I've been writing here full-time for almost six months, and I have to say, I don't believe this to be true at all.
I'm not just saying that to curry favor, either! Our commenters are passionate, intense, and dedicated. Some of them are a little bit crazy. Some of them are a lot crazy. Sometimes, there is vociferous disagreement with what an author has chosen to write, as with, say, my kinda different review of Deus Ex: Human Revolution. And it must be said that every now and then, the threads get straight-up appalling, as in this feature about Felicia Day.
So, I could see how someone could jump to conclusions about our commenters. Just today, Penny Arcade's Jerry Holkins, in opining about our recent addition of the games-only Kotaku Core feed, referred to some of our commenters as "Feral."
Fair enough.
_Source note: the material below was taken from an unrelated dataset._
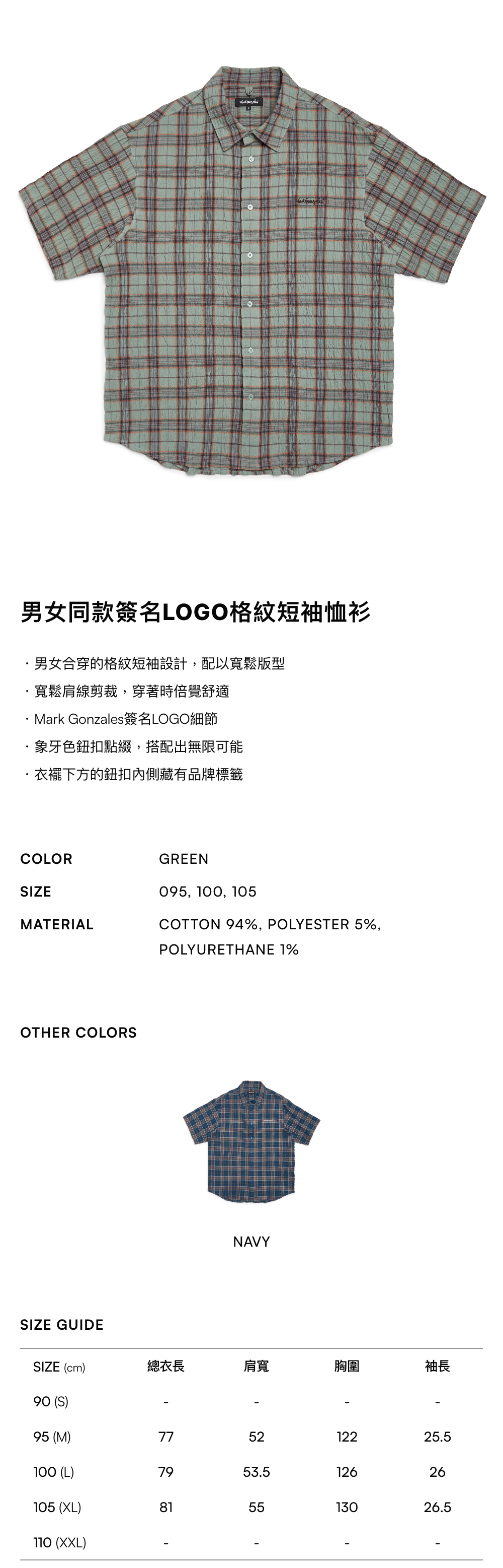 - 男女合穿的格紋短袖設計,配以寬鬆版型

But every time I post or repost a piece that is progressive or challenging, my twitter feed fills with friends and allies complaining endlessly about the awfulness of our commenters. Not some of them, as Holkins did, but all of them. There even exists a Chrome Extension called "Commentless Kotaku," which blocks comments on all of our posts. Presumably because they are so irresistibly terrible that people would rather put on blinders than even be tempted to read them.
Part of this may be due to the way our "featured comments" work. If you don't have a Kotaku account, the first comment you will see on a given post is the "featured" one. We editors don't directly choose which comment gets featured—it's whichever one has the most responses. That means that on a controversial post, the most baiting or trollish comments become featured, usually due to a huge number of people voicing disagreement with the comment in question. The featured comment is rarely illustrative of what's actually going on in the thread—to get a sense of that, you have to click "all" down in the "view comments" tab.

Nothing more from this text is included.